AIM OF THE TASK →
A faithful copy is needed of the lines below from the one with "Jag har en liten" up to and including the one with "Step 3: After"; set it down with no pictures and no other lines.
**** THE DATA
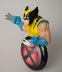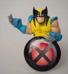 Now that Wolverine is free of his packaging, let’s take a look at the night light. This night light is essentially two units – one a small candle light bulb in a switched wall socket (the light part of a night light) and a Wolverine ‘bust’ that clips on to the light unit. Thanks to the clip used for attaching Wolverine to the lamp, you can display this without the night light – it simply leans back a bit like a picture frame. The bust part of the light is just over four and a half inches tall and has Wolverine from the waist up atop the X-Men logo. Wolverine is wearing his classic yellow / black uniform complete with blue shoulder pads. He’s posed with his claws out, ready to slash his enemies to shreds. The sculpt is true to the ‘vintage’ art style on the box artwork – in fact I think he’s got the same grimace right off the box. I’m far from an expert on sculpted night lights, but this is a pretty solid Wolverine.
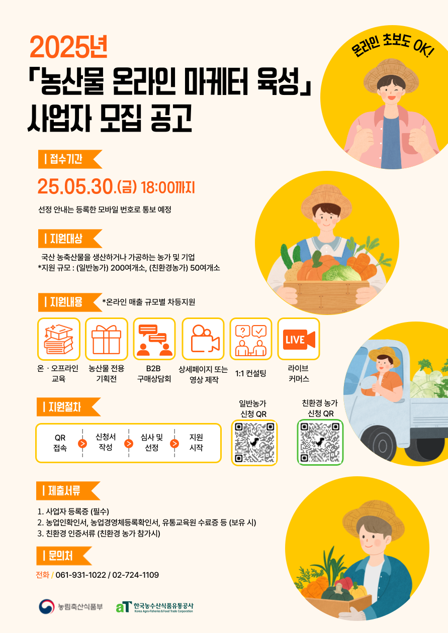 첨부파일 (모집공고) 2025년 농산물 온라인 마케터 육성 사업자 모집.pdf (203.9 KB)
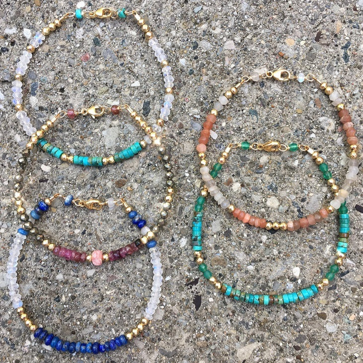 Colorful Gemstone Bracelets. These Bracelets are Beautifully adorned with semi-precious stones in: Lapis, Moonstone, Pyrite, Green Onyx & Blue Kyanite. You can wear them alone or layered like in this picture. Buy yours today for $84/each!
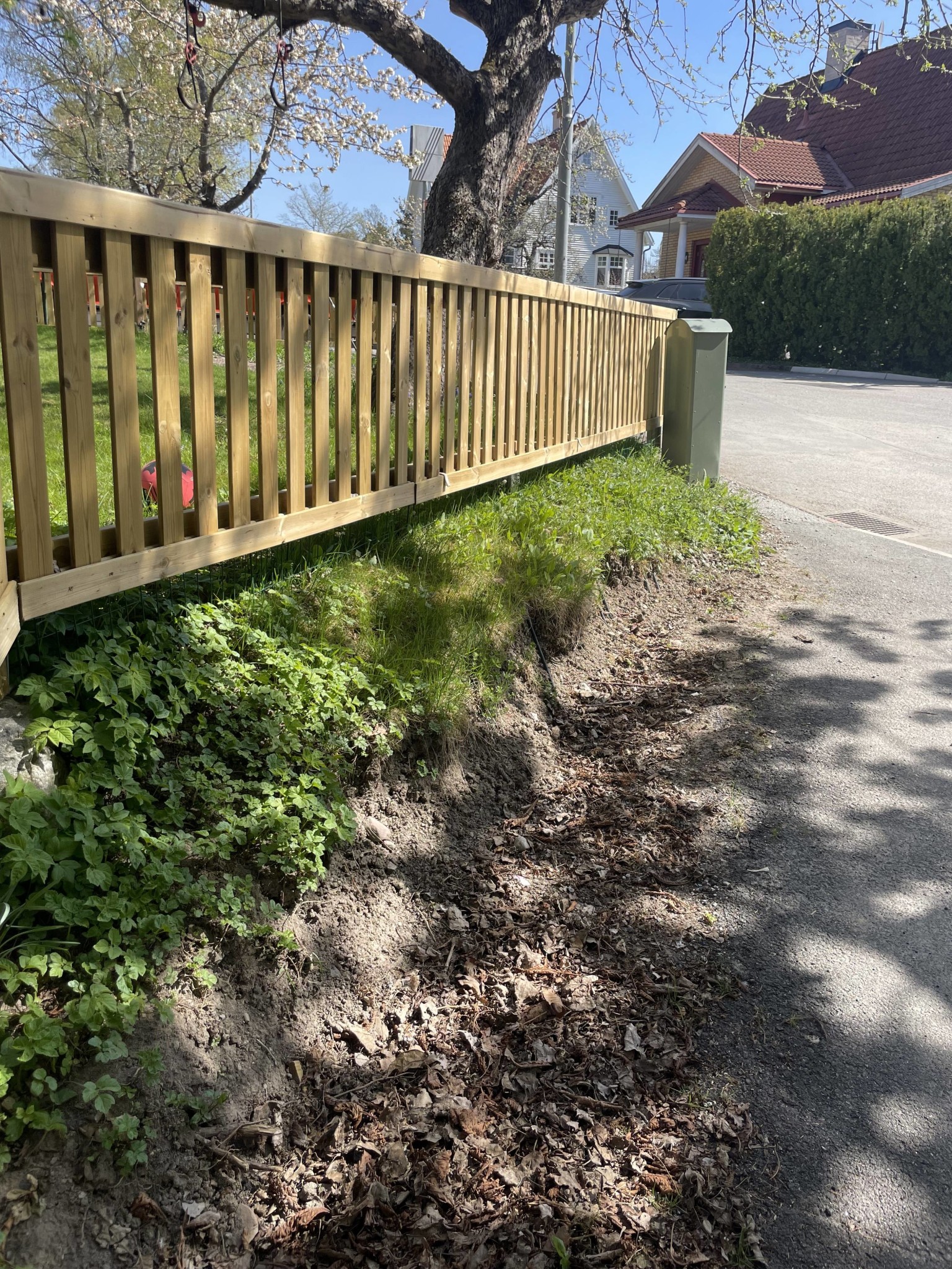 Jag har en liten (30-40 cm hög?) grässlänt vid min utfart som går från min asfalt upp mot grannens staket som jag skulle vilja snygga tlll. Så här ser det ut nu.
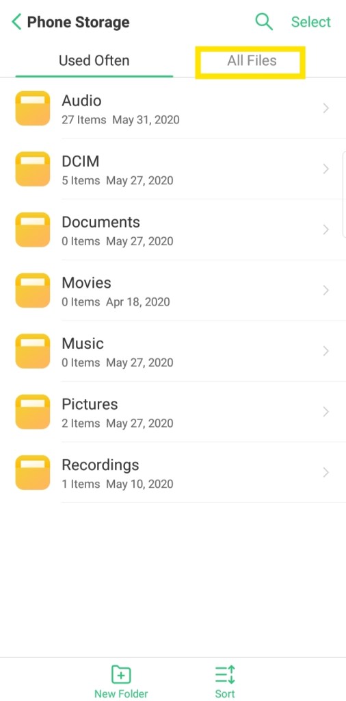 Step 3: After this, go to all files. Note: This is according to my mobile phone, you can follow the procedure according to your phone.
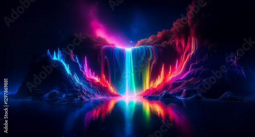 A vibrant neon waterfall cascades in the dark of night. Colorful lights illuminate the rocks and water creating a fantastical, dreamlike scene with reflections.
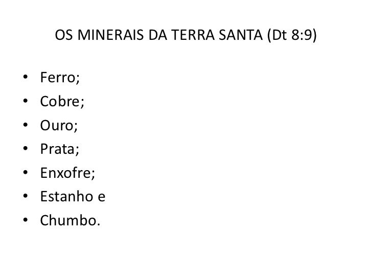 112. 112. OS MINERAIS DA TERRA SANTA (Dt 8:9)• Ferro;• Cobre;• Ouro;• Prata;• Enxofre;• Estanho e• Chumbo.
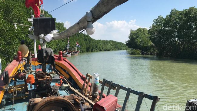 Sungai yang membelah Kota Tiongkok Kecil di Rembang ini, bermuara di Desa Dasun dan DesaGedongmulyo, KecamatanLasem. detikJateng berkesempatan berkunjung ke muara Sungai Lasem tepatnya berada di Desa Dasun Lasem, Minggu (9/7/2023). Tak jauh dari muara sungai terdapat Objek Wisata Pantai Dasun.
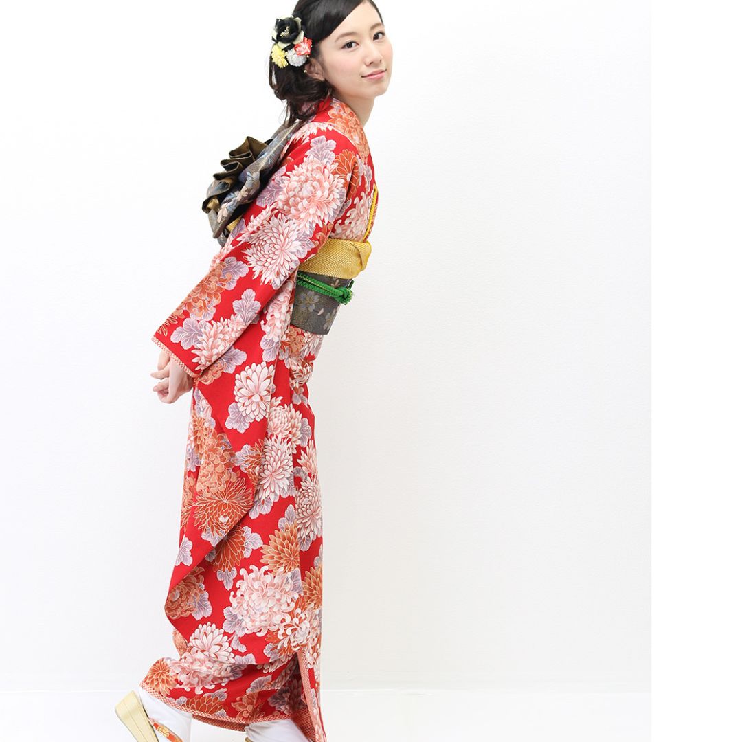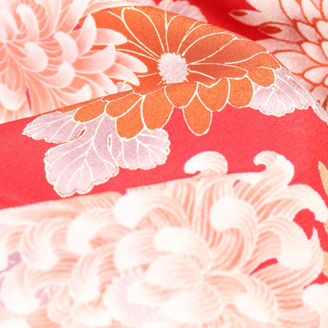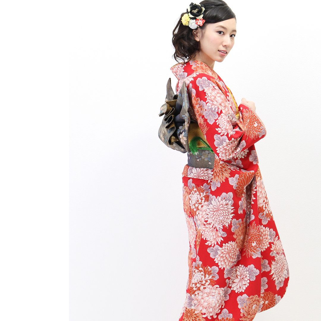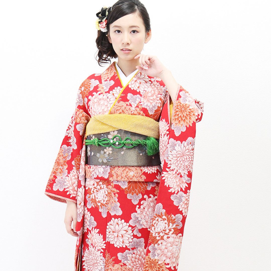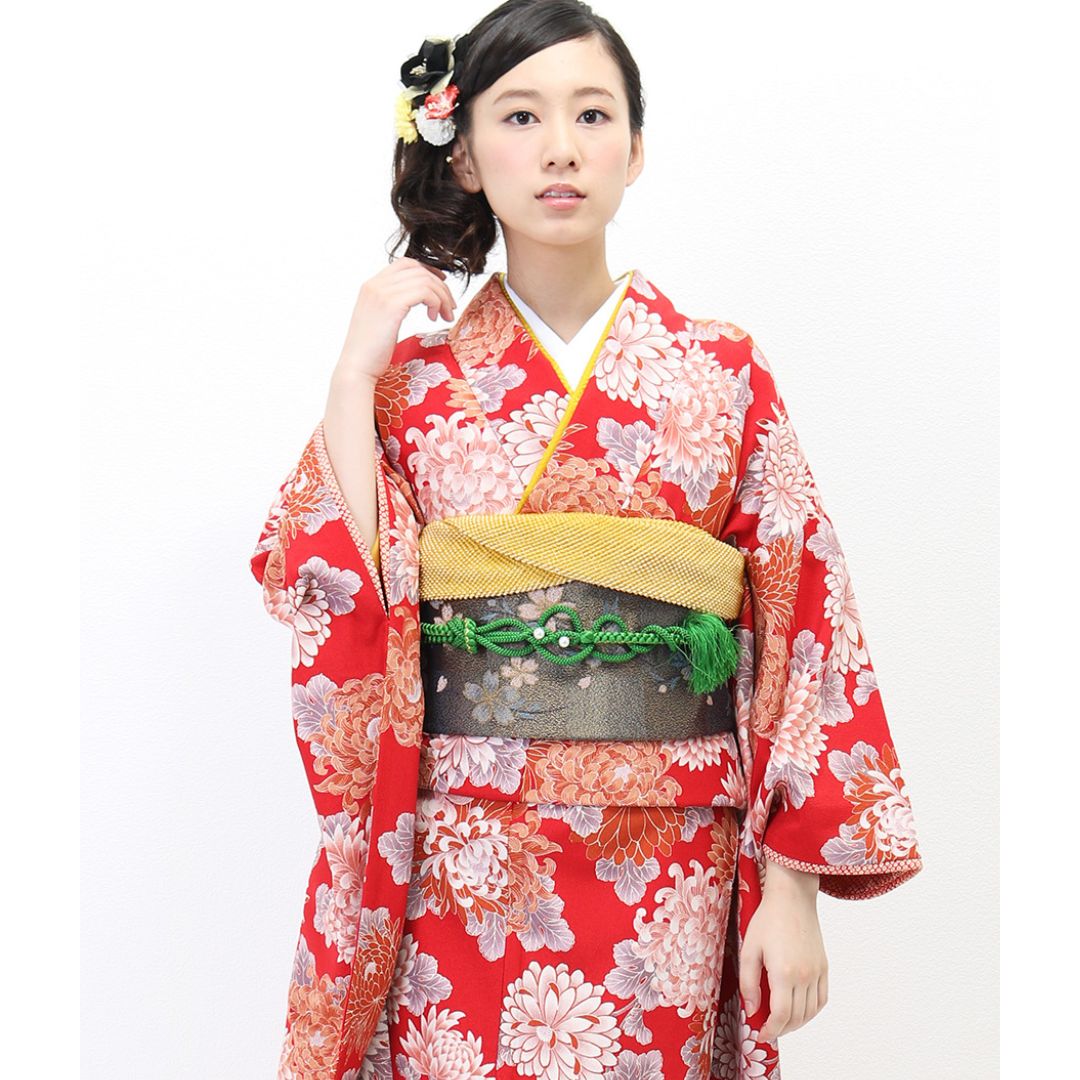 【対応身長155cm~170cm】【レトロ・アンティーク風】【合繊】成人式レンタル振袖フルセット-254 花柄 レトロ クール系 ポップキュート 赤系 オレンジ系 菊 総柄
********
TASK SOLUTION →
 Jag har en liten (30-40 cm hög?) grässlänt vid min utfart som går från min asfalt upp mot grannens staket som jag skulle vilja snygga tlll. Så här ser det ut nu.
 Step 3: After this, go to all files. Note: This is according to my mobile phone, you can follow the procedure according to your phone.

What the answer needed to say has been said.